Special City Council meeting planned to address pay freezes
North Las Vegas City Council members tabled consideration of a multimillion city pay freeze this month, putting off action on roughly $12 million in long-suspended employee raises and benefits until a special City Council meeting set for June 18.
The freeze, first adopted to help city officials avert a $33 million “fiscal emergency” this time last year, suspended millions in raises owed to union police, firefighters and Teamsters per collective bargaining agreements signed in the mid-2000s.

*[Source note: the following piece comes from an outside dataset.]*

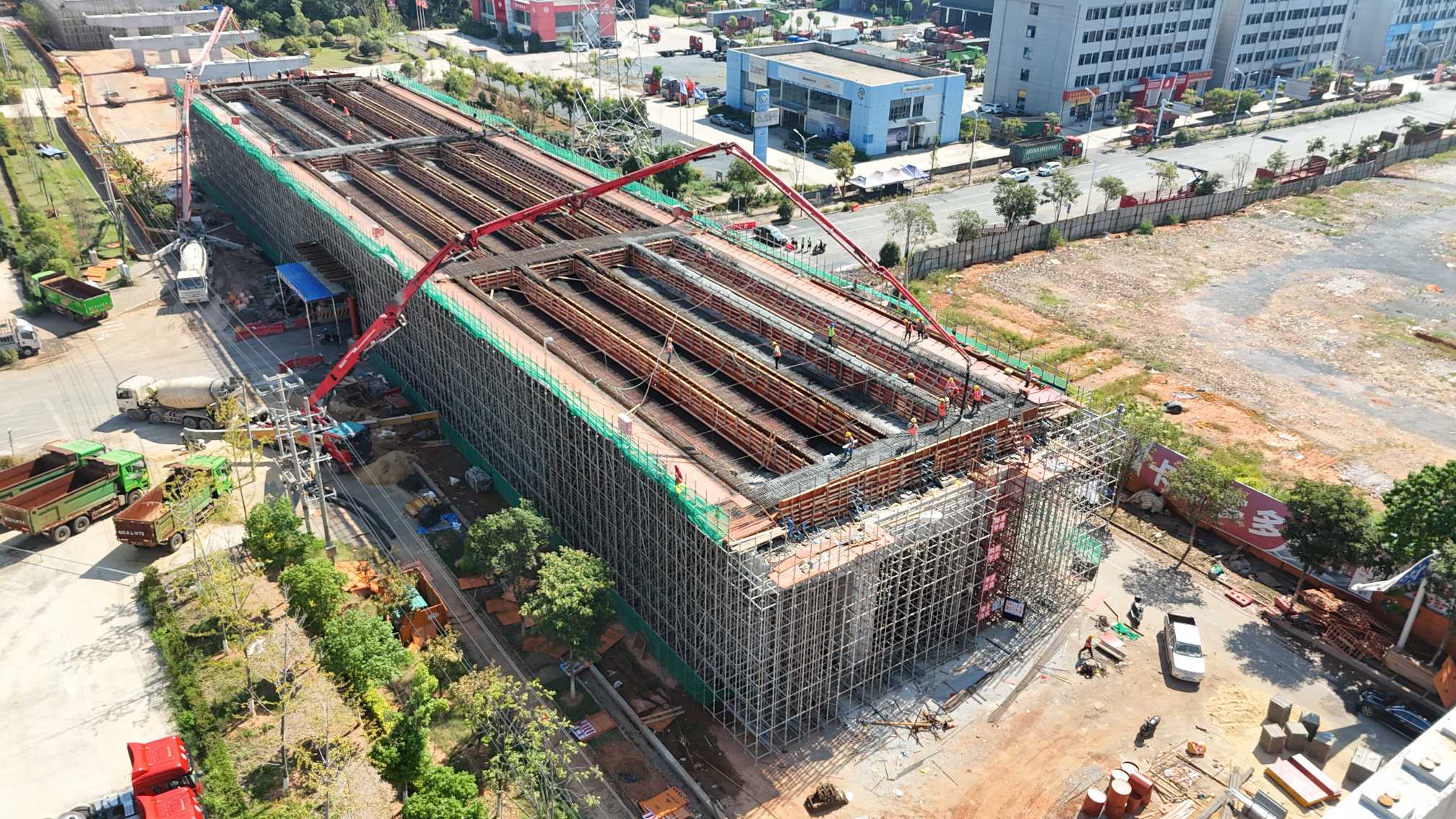 9月23日22時零5分及9月26日凌晨4時,G320高安境內(nèi)改線項目工程(森澤大道高架互通)等截面及變截面現(xiàn)澆箱梁首次混凝土澆筑均順利完成。此次澆筑的等截面現(xiàn)澆箱梁為第十二聯(lián)(40m+40m+40m)四室混凝土現(xiàn)澆連續(xù)箱梁,變截面現(xiàn)澆箱梁為第八聯(lián)(40m+60m+40m)四室混凝土現(xiàn)澆連續(xù)箱梁。作為項目現(xiàn)澆箱梁施工的首次實操,其質(zhì)量水平和工藝標準對后續(xù)現(xiàn)澆箱梁施工具有重要的示范作用和指導(dǎo)意義。

The unanimous June 5 decision not to revisit those forced concessions came two days after passage of Assembly Bill 503, Assembly Speaker Marilyn Kirkpatrick’s controversial effort to ensure the city’s solvency.

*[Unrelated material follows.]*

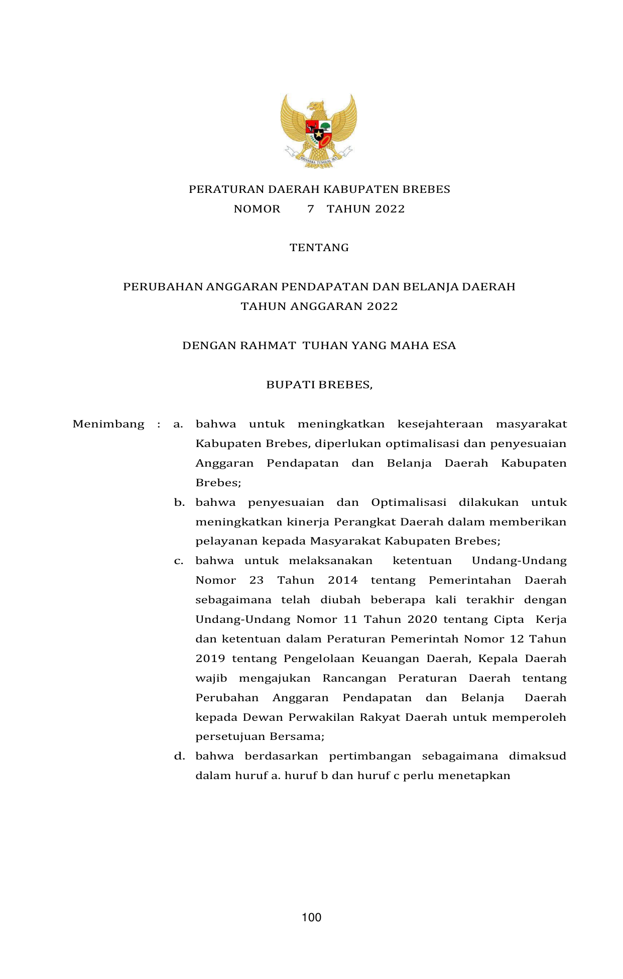 PERDA Nomor 7 Tahun 2022 | Peraturan Daerah Nomor 7 Tahun 2022 tentang PERUBAHAN ANGGARAN PENDAPATAN DANBELANJA DAERAHTAHUN ANGGARAN 2022

The bill, derided by opponents as a bailout, allows city leaders to dip into a $31 million sewer repair fund to restore police, fire and other public safety services while picking up part of the tab on once browned-out libraries and recreation centers.
It also has a lot to do with City Council members’ earlier decision to push back a vote on last year’s union pay freezes, according to City Manager Tim Hacker.

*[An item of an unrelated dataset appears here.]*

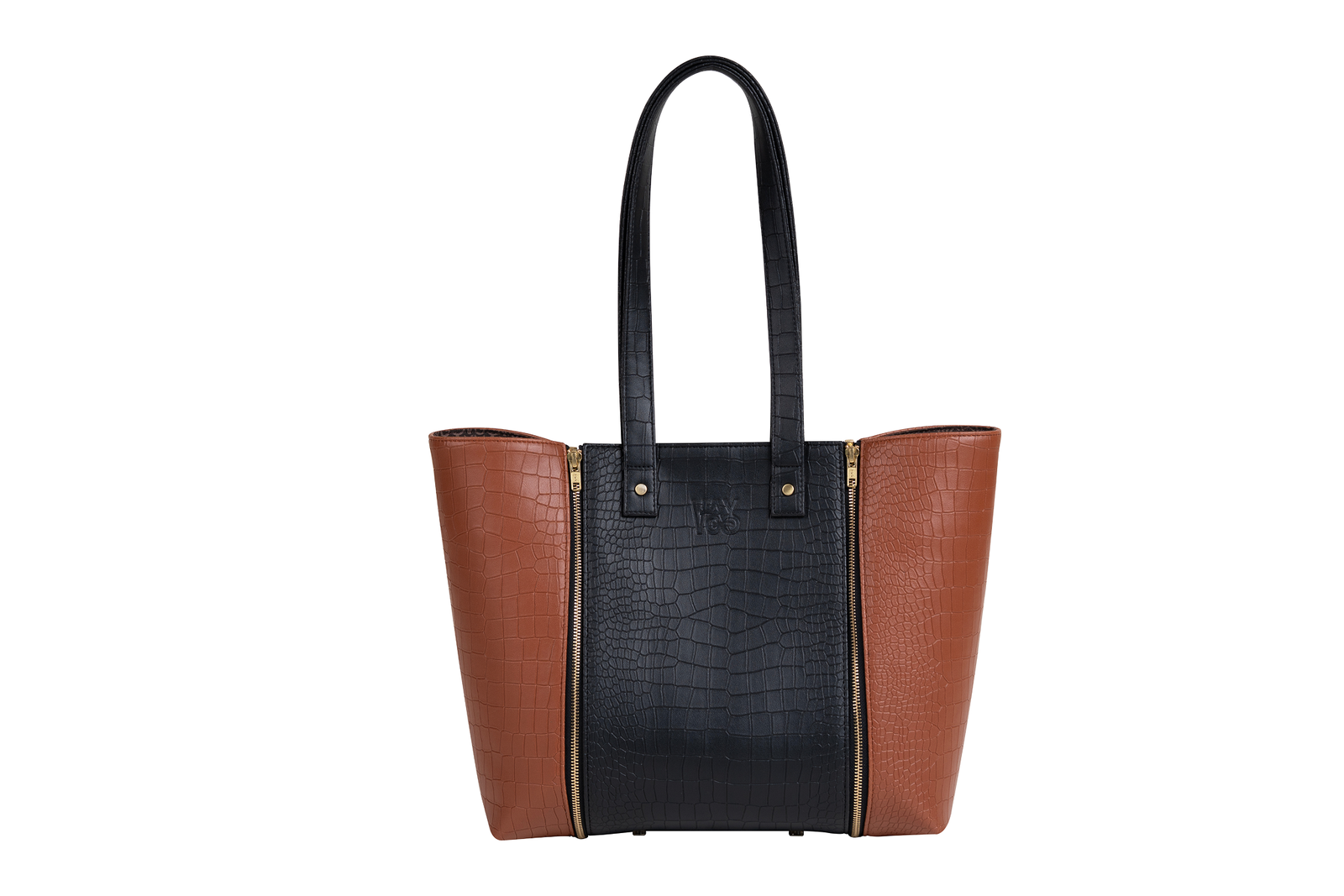 GO TOTE – Jet Black Croco Core with Camel Croco Wings

“As we were working with (state) legislators, there was a concern raised about the appearance of having that on the agenda the first week in June while we were still working to get AB503 passed,” Hacker said. “They just asked if there was still time to review the item, and there is.”
Kirkpatrick, D-North Las Vegas, has called AB503 the city’s “last chance” to avert a state takeover of city finances.
Hacker was a little more cautious.
“I don’t see it that way, because there’s so many different triggers that come into play to justify the state coming in,” he said. “It’s a limited pot, and they only gave us four years to use these additional dollars, and we have to go back in two years to show how we’re using it.
Council members face an estimated $19 million deficit in fiscal year 2014, with city employee salaries accounting for more than two-thirds of overall expenses.
City officials now look set to pay down a chunk of this year’s $14.5 million general fund deficit using sewer repair funds, leaving a combined $4 million in red ink in the city’s library and public safety funds.
With city reserves exhausted — and steep declines in property tax revenue expected to outlive a four-year sunset provision written into AB503 — city leaders may be looking for another budget life raft as soon as 2017.
That means Hacker and others will still seek an urgent return to the bargaining table.
“We are functioning very well having redeployed our resources and using our manpower in a more efficient way,” outgoing Mayor Shari Buck said last month.
“In an ideal world, we’d be able to restaff, but with the way our budget looks right now, a lot depends on if (the unions) want to offer concessions.”
North Las Vegas City Council members plan to revisit the city’s fiscal emergency pay suspensions at 6 p.m. June 18 in the City Council chambers, 2250 Las Vegas Blvd. North.
City leaders look to reconvene for a regularly scheduled meeting at the same time June 19.